News

Dr Kerryn Phelps, AMA President, 'Today', Channel Nine

COMPERE: To medical news now. And a visiting British peri-natal specialist is predicting that by the end of the decade more than half of all babies will be delivered by caesarean section. Professor Nicholas Fisk also claims that natural childbirth is more dangerous than drink driving.

To discuss the pros and cons of natural delivery and C-sections, we're joined in the studio by Today health editor Dr Kerryn Phelps.

Good morning Kerryn.

KERRYN PHELPS: Good morning Tracey.

COMPERE: Professor - let's repeat this - Professor Nicholas Fisk says natural childbirth is more dangerous than drink driving. Now, that can't be right, surely.

KERRYN PHELPS: Well, I think he's reflecting the beliefs of a lot of people who are involved in obstetrics where, I mean, having a baby is a reasonably high-risk business. I mean, the vast majority of deliveries go extremely well. Some don't go well. And I think that what he's saying is that for those - for, I guess, the fear that something will not go well, a lot of women are choosing to have caesarean sections now.

COMPERE: So you're basically saying that what's changed here is that in decades gone by, and several decades gone by, we accepted that element of risk, we accepted that every now and again a natural childbirth could go wrong, and now we simply don't accept anything.

KERRYN PHELPS: There's much less of an acceptance of things going wrong. You're quite right. And, of course, the other things that have changed over time is that we've got vastly more sophisticated anaesthetic techniques. Now, a woman having a caesarean would not generally have a general anaesthetic, she would have a spinal or an epidural anaesthetic. So that's safer for the mother and for the baby.

You can see here the mother having a caesarean section in the film there is awake and talking to the anaesthetist, and there's the baby coming out of the mother's abdomen and being delivered, squirming and screaming (which is exactly how you want to see them); the cord being cut and tied, and we're away.

COMPERE: Yeah.

Let me read to you as we watch this. Let me read to you part of what I thought was a really poignant letter to I think The Sydney Morning Herald from Hannah Darlen from the New South Wales Midwives Association.

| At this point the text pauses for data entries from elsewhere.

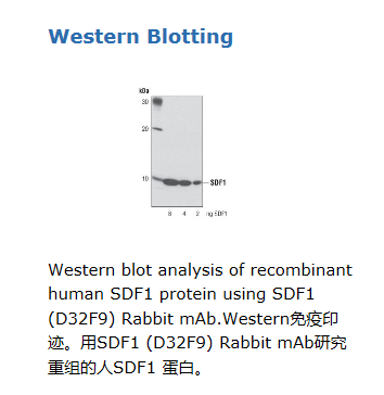 SDF1 (D32F9) Rabbit mAb detects recombinant SDF1 protein.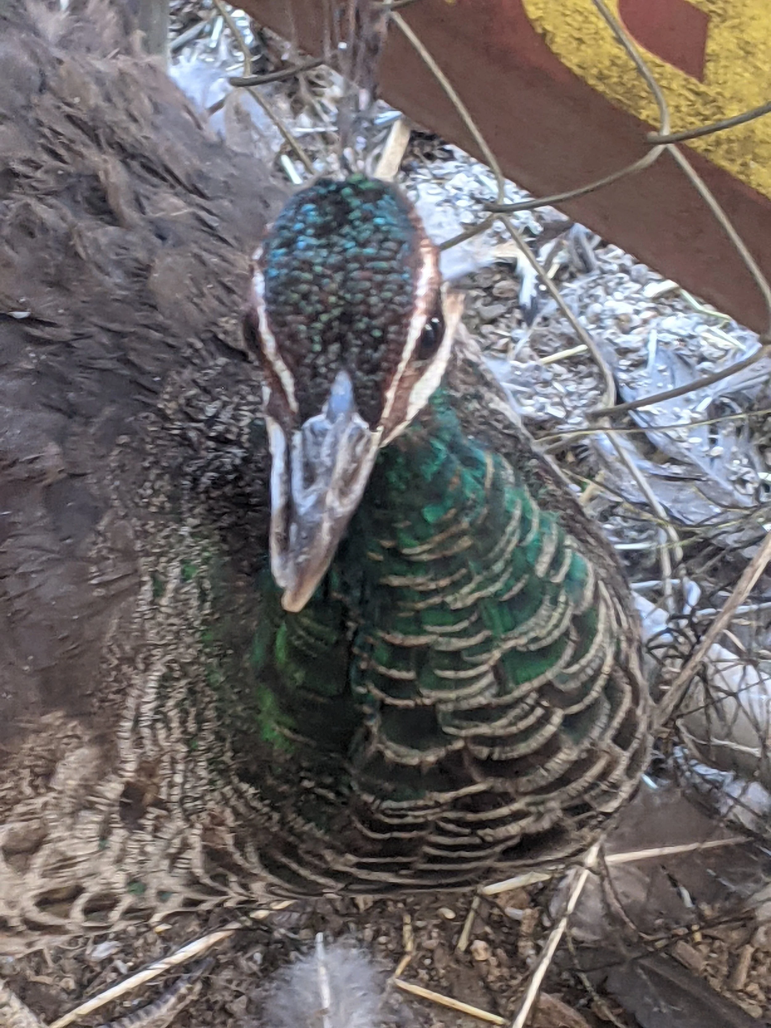 You can see one of our relocated peacocks at his new home where he was introduced to an existing flock.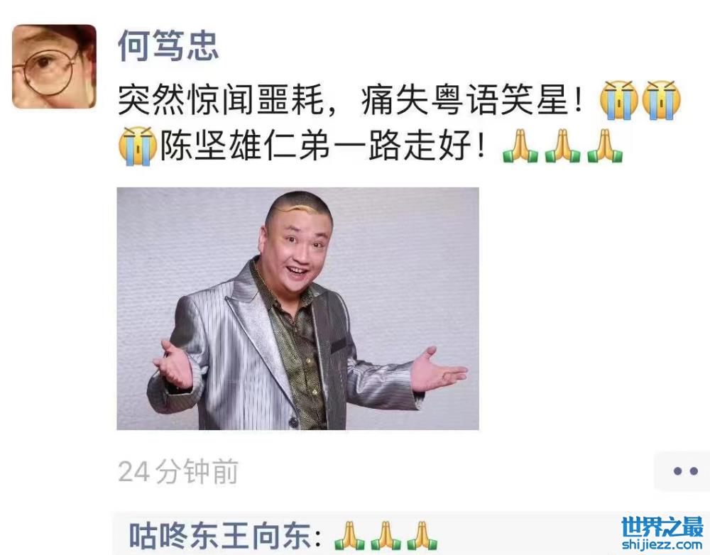 国家一级编剧何笃忠也悲痛发文送别,突然惊闻噩耗,痛失粤语笑星,陈坚雄仁弟一路走好。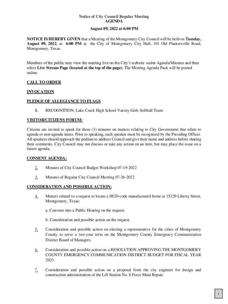 Notice of City Council Regular Meeting AGENDA August 09, 2022, at 6:00 PM NOTICE IS HEREBY GIVEN that a Meeting of the Montgomery City Council will be held on Tuesday, August 09, 2022, at 6:00 PM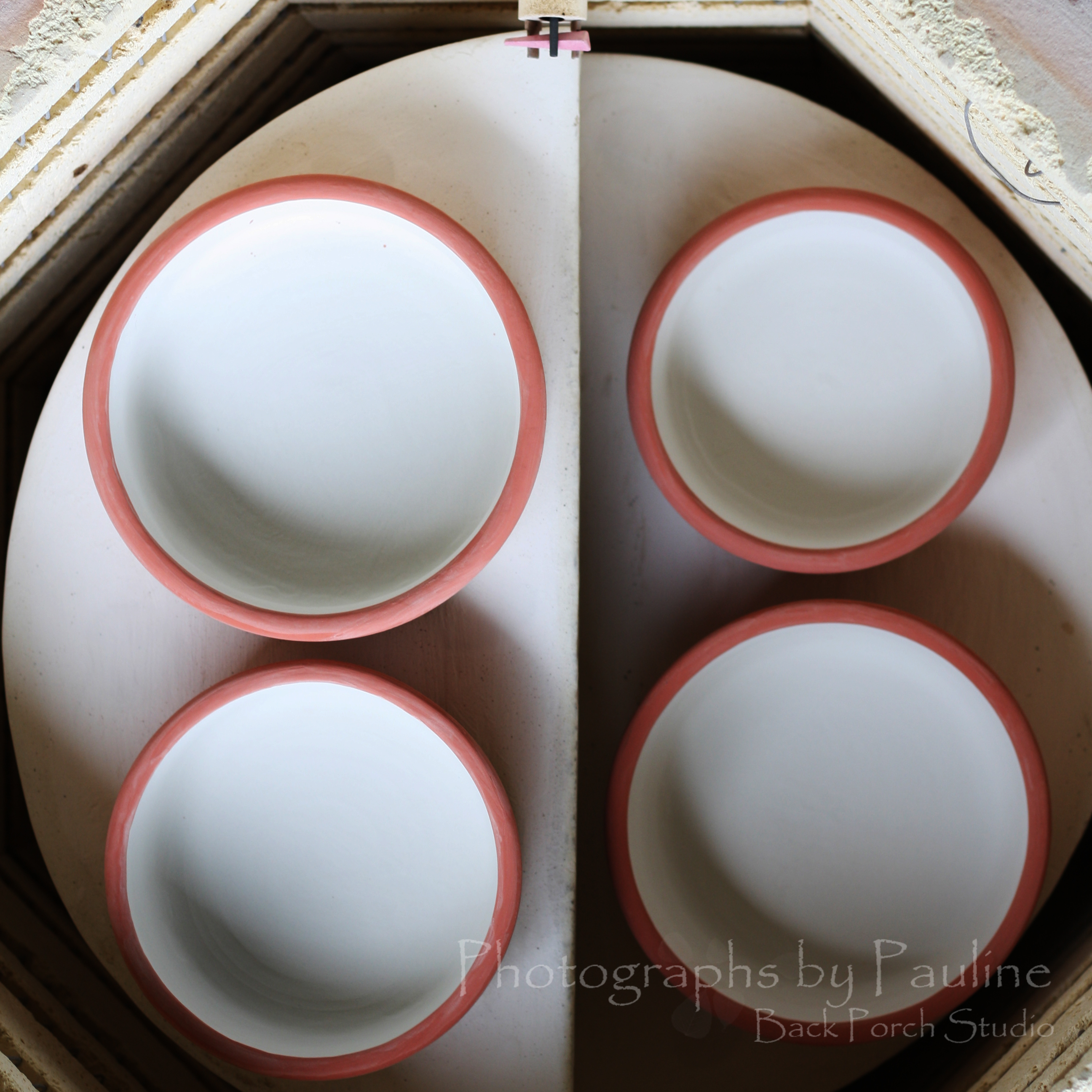 Blue and cream pet dishes glazed (blue on the outside, clear on the inside) and ready to be fired in the electric kiln.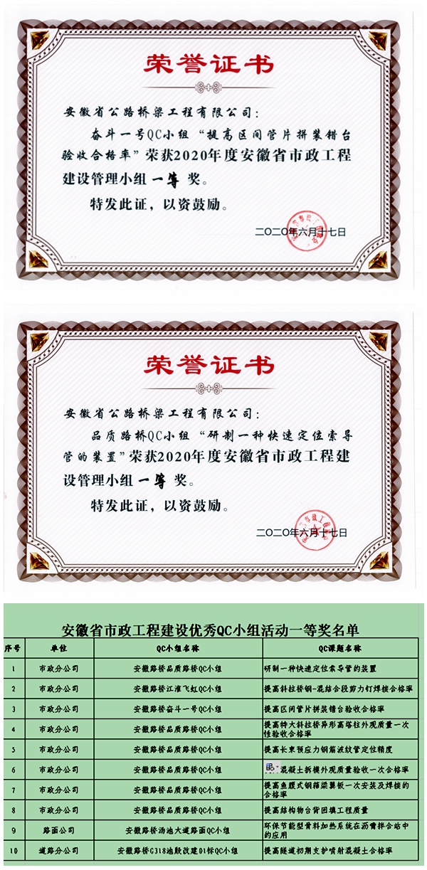 近日,2020年度安徽省市政工程建設(shè)優(yōu)秀QC小組活動(dòng)成果發(fā)布會(huì)在廬江召開。由公司選送的《環(huán)保節(jié)能型骨料加熱系統(tǒng)在瀝青拌合站中的應(yīng)用》《提高區(qū)間管片拼裝錯(cuò)臺驗(yàn)收合格率》《提高隧道初期支護(hù)噴射混凝土合格率》等10項(xiàng)課題成果經(jīng)過專家評審,榮獲一等獎(jiǎng),并選送參加全國市政工程QC成果發(fā)布。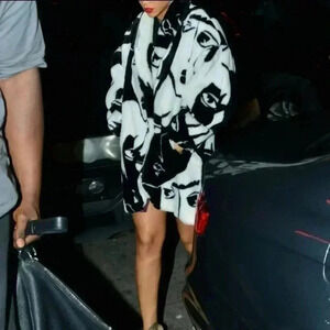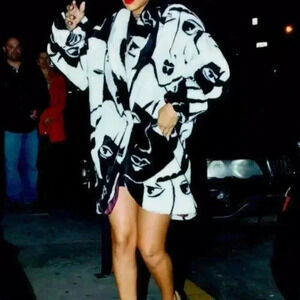 Donny Brook Mob Wife Graphic Faces Faux Fur Coat..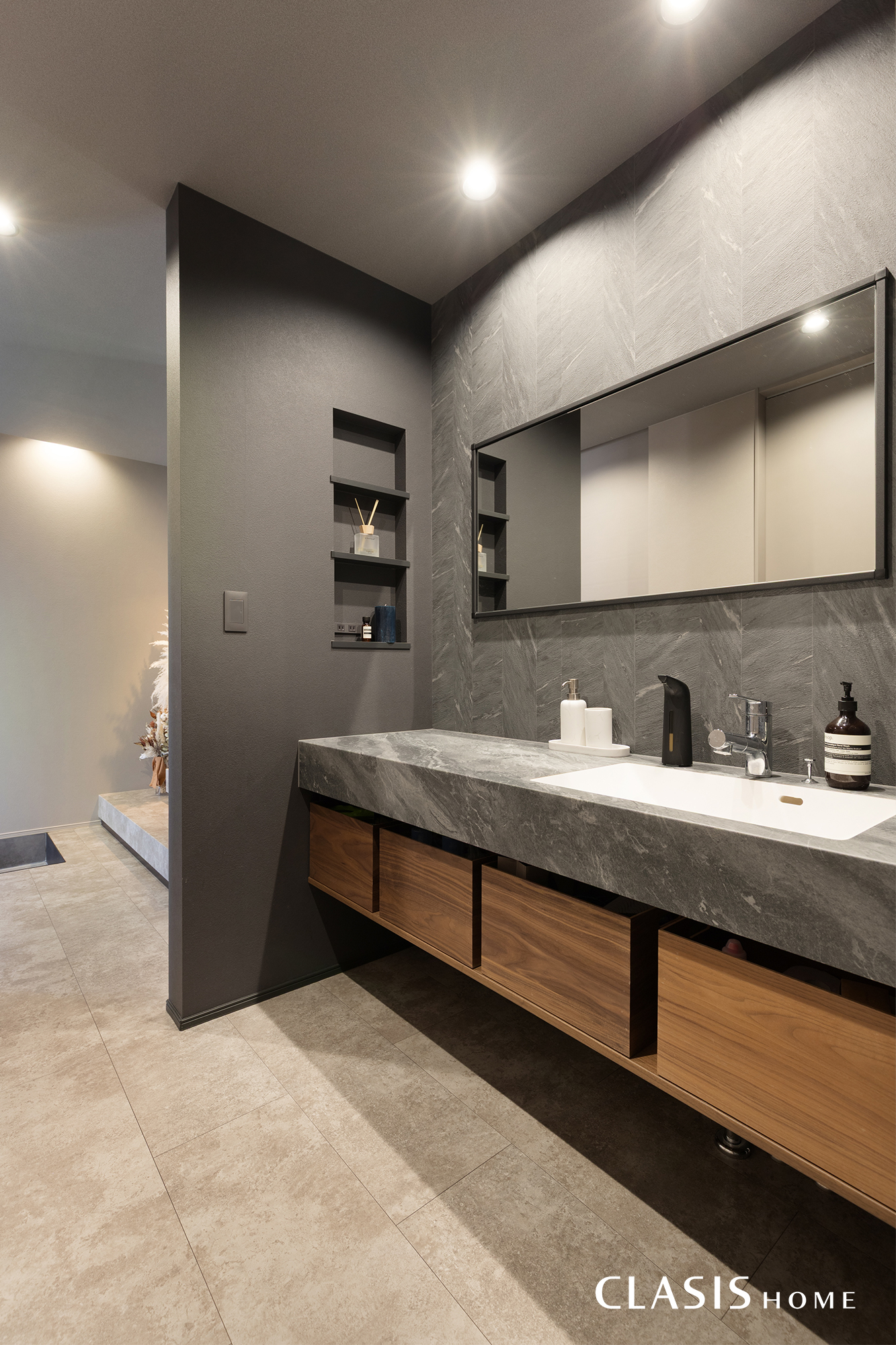 玄関ホールに設けたオープンな造作洗面台。グレーの石目調カウンターに木目の収納を組み合わせ、重厚感と温かみを両立させました。壁面に設けたニッチは、小物を整理しつつ空間のアクセントとしても機能します。
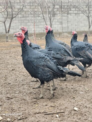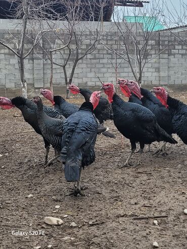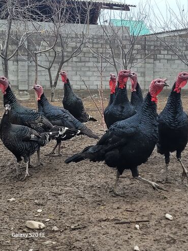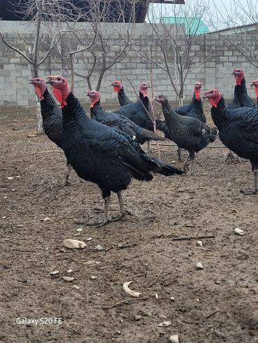 - Порода/тип: тяжёлые чёрные индюки (самцы и самки), характерный чёрный глянец пера, красные бородки и серёжки.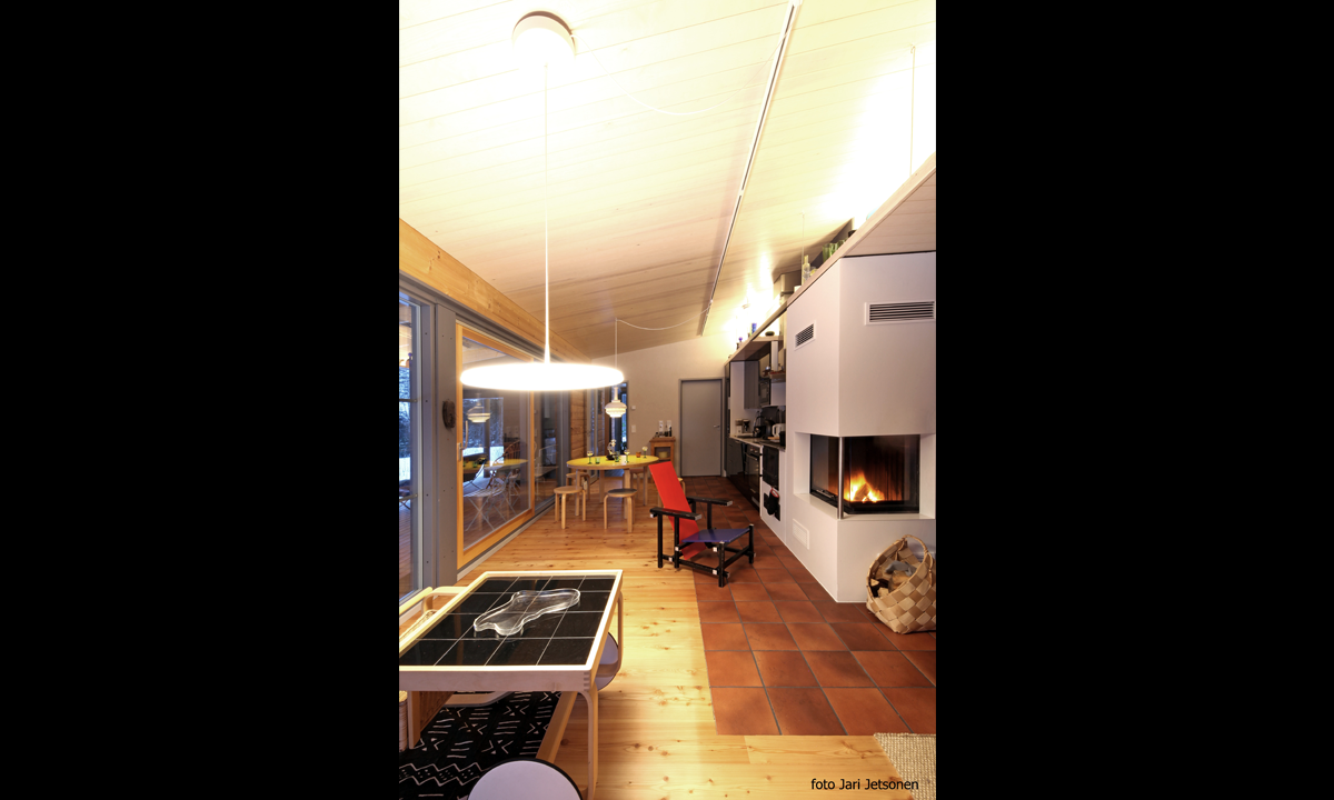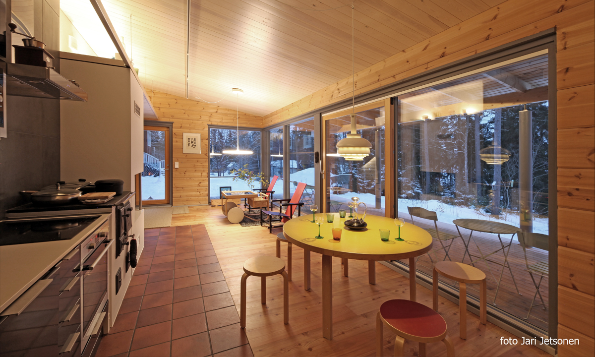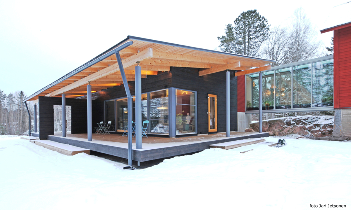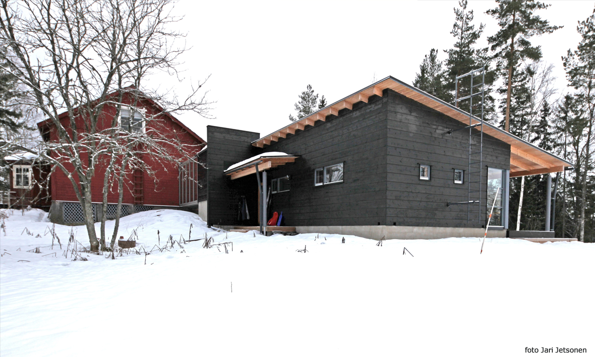 | Uudisrakennus on liitetty vanhaan hirsirakennukseen lasikäytävällä. | |

'Take one healthy, pregnant woman and induce her labour unnecessarily. Add an epidural block because of the increased pain she will suffer. Now add a drip of synthetic hormones to speed up a labour that's been slowed down by the epidural. Add a forceps delivery of her baby because she can no longer push due to the epidural, and an episiotomy to allow the forceps to be used. Further extend that episiotomy to a severe tear that leads to pelvic floor problems for the rest of her life, and let her baby spend some time recovering in the neo-natal unit from the trauma it's experienced.

'No wonder birth is getting riskier than drink-driving. There's nothing natural about it.'

Do we intervene too much? Do we interfere too much with nature?

KERRYN PHELPS: That sounds like Murphy's Law of obstetrics where, you know, if one thing goes wrong, then everything will go wrong, and it's sort of putting together all of the possible complications.

I think the point is that we don't accept labours going on for 24 or 36 hours because of danger to the mother and danger to the baby. We don't accept mothers dying in childbirth now. We don't accept babies dying or being severely damaged in the child-birth process if we can intervene with a safe process called a caesarean section at a reasonable time along the track. And if labour is going off the tracks, then I think we tend to intervene earlier to do something about that.

But I think what we are seeing now is that women are starting to actually exert their right to choose whether they have natural childbirth or caesarean. And a lot of women, we have to say, are now choosing to have a caesarean rather than a natural childbirth.

COMPERE: Well, you're echoing what David Molloy, who's the president of the Association of Gynaecology and Obstetrics says, which is that women, professional women in particular, are saying that, 'Look, long labours and labours anyway are interfering with our schedule. We want to know when the baby is coming into the world.' I mean, is it as clinical as that?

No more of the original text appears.